Your answer should repeat exactly the lines from the one holding "Phía đầu xe" through the end of the data, and it should contain no pictures.
-- Data below follows --
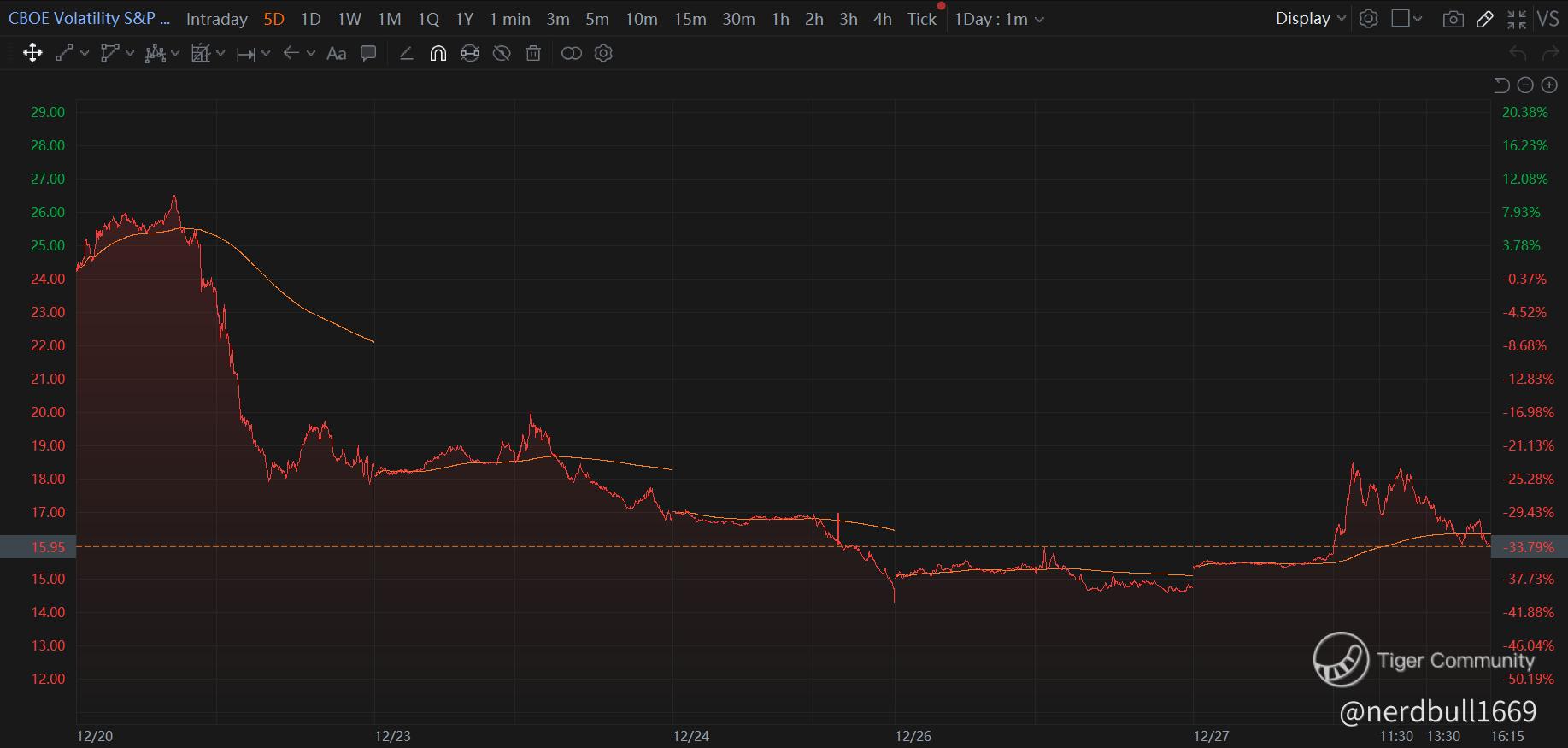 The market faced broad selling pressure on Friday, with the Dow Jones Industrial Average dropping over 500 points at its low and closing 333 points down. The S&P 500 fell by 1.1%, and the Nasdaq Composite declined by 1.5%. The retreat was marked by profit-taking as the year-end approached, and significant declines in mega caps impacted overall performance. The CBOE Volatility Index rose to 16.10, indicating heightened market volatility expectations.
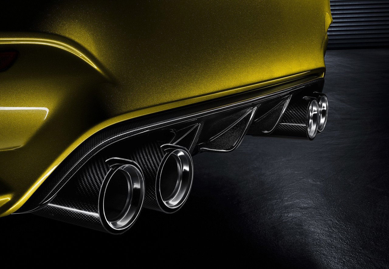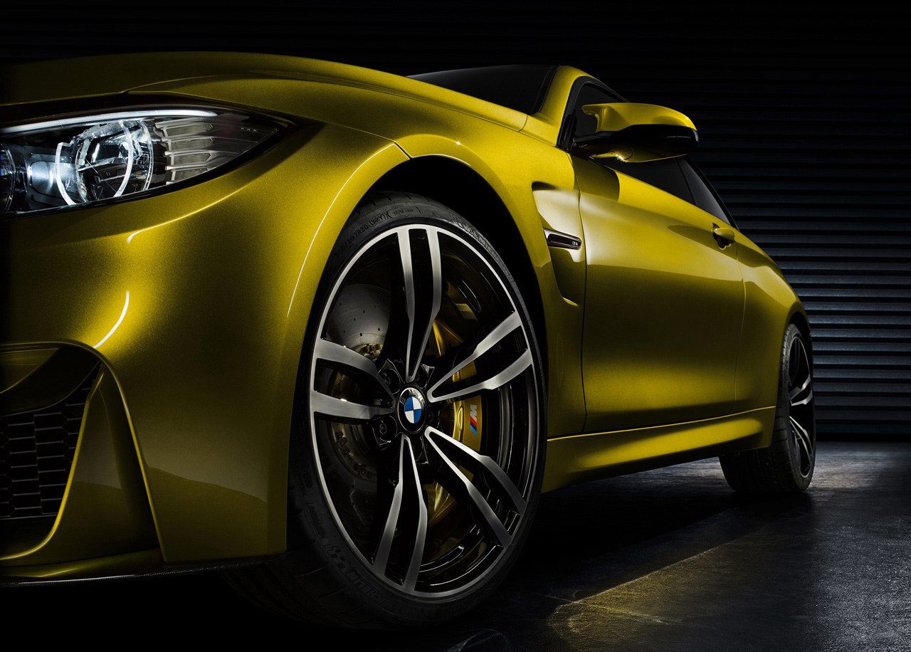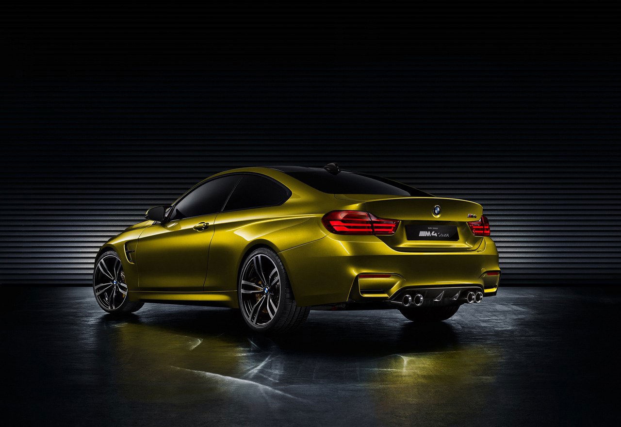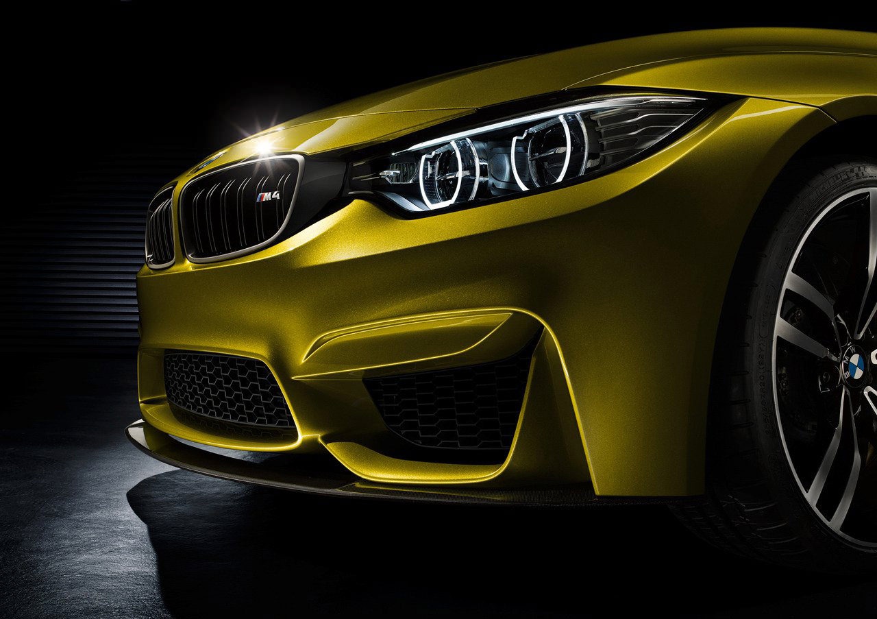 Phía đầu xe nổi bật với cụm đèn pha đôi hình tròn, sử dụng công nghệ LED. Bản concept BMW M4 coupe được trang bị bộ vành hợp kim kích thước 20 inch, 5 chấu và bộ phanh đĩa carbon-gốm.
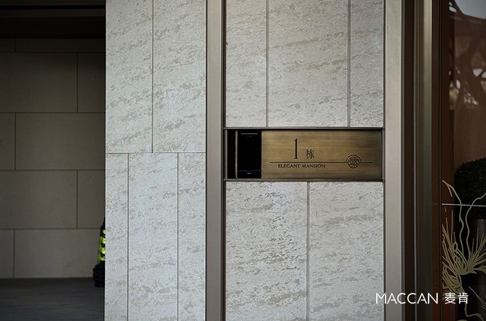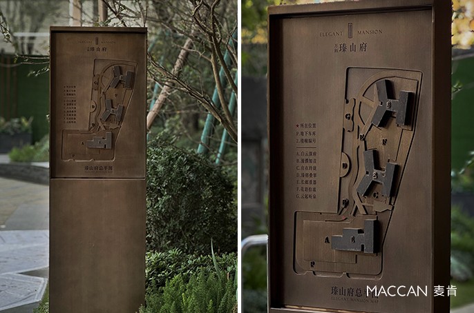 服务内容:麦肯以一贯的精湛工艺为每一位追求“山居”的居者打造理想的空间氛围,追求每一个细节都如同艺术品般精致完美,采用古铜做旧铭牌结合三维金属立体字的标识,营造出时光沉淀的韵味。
-- Data below concluded --
▶ _Solution to this exercise_
 Phía đầu xe nổi bật với cụm đèn pha đôi hình tròn, sử dụng công nghệ LED. Bản concept BMW M4 coupe được trang bị bộ vành hợp kim kích thước 20 inch, 5 chấu và bộ phanh đĩa carbon-gốm.
 服务内容:麦肯以一贯的精湛工艺为每一位追求“山居”的居者打造理想的空间氛围,追求每一个细节都如同艺术品般精致完美,采用古铜做旧铭牌结合三维金属立体字的标识,营造出时光沉淀的韵味。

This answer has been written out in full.